Anonymous wrote:
Anonymous wrote:
Anonymous wrote:
Anonymous wrote:
Anonymous wrote:
Anonymous wrote:
Anonymous wrote:
Anonymous wrote:It’s June. Pathways will come this month?
I heard from a teacher that staff have already decided to return Key to neighborhood status, keep immersion there, and add immersion at another neighborhood school?
And preliminary No Arlington boundaries with Reed built and ASFS within its own zone are already laid out.
Any way to see those new boundaries?
Key will be a neighborhood immersion school? I’m not following.
It will be neighborhood, and some classes per grade will have immersion option depending on student preference. Kind of what they had before 2017 except now an option for non-immersion at Key so no need to transfer to ASFS.
But the lottery for immersion spots will remain open to all without geographic preferences (but with certain groups of schools assigned to each lottery location)?
There is simply no way this is true. This would violate the options/transfers policy the Board put in place just a few years ago. They very deliberately got rid of neighborhood preference for option schools. There is no way they are going to create a special Key zone that is allowed to choose either immersion or neighborhood, while the rest of APS has to lottery into an immersion program.

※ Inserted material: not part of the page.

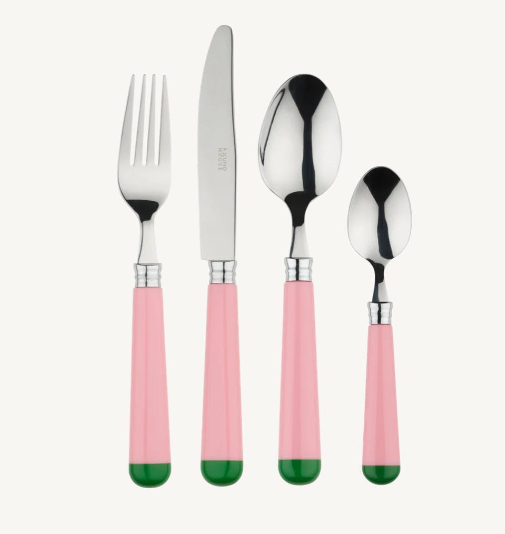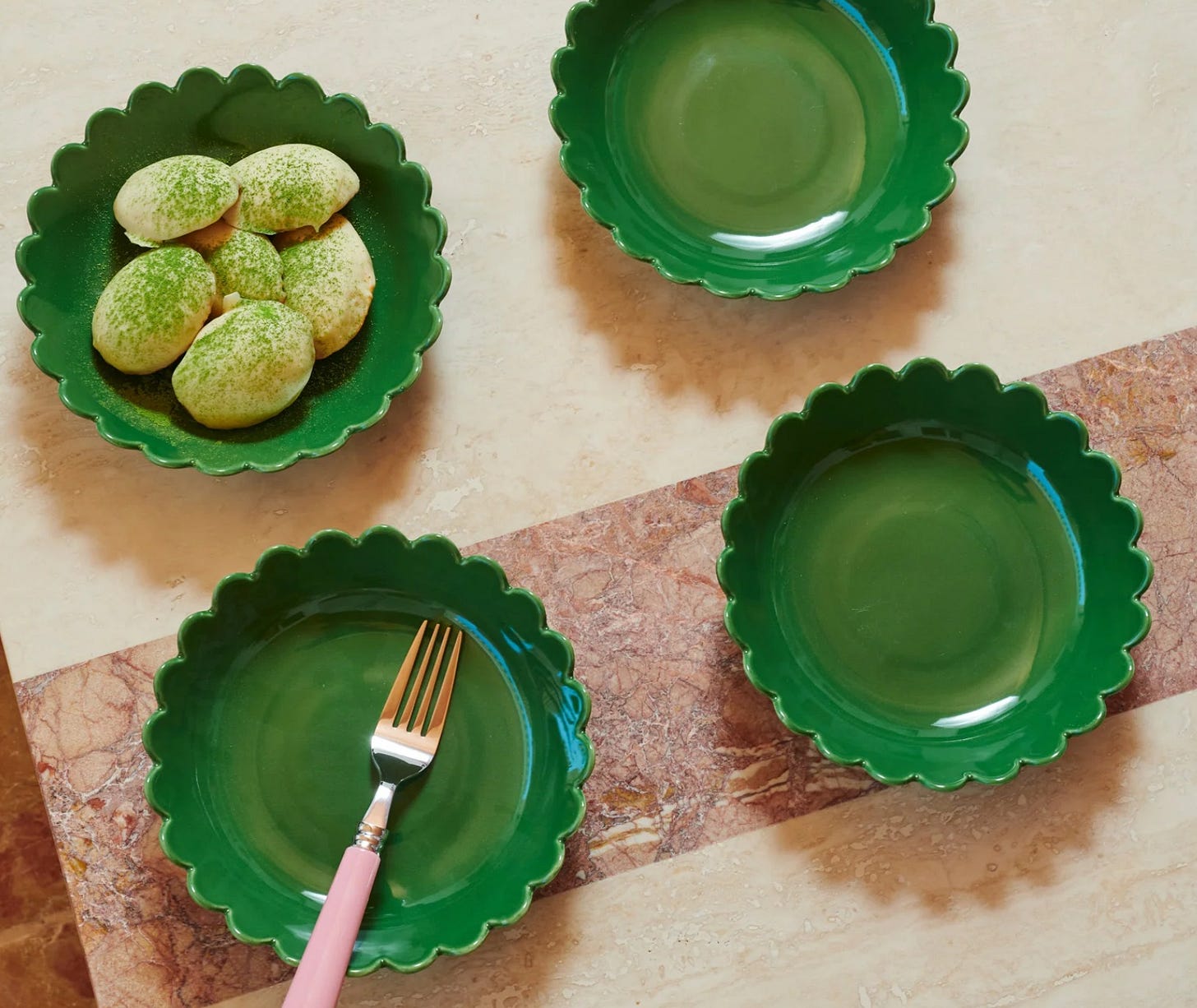 In The Roundhouse - these green scalloped plates. So cute. We have them in white and love them. And they’ve just made a version with a red edge. Matching napkin and placement set here.

There is a slight possibility that they are considering 'phasing out' immersion at Key. e.g. they will leave a few classes of 4th and 5th grade immersion, and everything below that will be lottery.
Well the whole mess was caused by the updates options/transfer policy they put in place, and they have the unhappy task of moving immersion from Key completely or doing this hybrid and planting immersion in other schools to meet demand and located where ELL live.
The east part of county needs more seats, I’m sure school board will entertain your solution, but they are trying to get those seats without disrupting existing classes.
Funny how people in the eastern part of the county are so concerned about their own children not being disrupted, yet have zero such concern about other kids when they blithely pronounce that Nottingham should be made an option school so immersion can go to ATS rather than Carlin Springs.
That’s not why they were exploring Nottingham as an option. It’s because after they build Reed as a neighborhood school, they will have an over abundance of seats in NW Arlington with overlapping walk zones and not enough money and land left to build them elsewhere in the near term where seats are more urgently needed. The NW part of Arlington isn’t likely to be upzoned or get a giant CAF anytime soon, meanwhile other areas in Arlington are exploding with kids and projected to trend in the same way. If that data is correct, how do they utilize seats effectively if they are all neighborhood? Do they make a bunch of crazy Ashlawn-type boundaries, resulting in a lot of busing anyway, or do they try to minimize bus routes at some highly walkable neighborhood schools and move options programs into adjacent schools? Caveat: their data might be crap. However, now that they are actually using more appropriate student generation factors linked to housing types, I don’t think it is as incorrect or incomplete. Also, I am not sure how they arrived at Nottingham as the school rather than one of the others, but I understand why they were going through that exercise.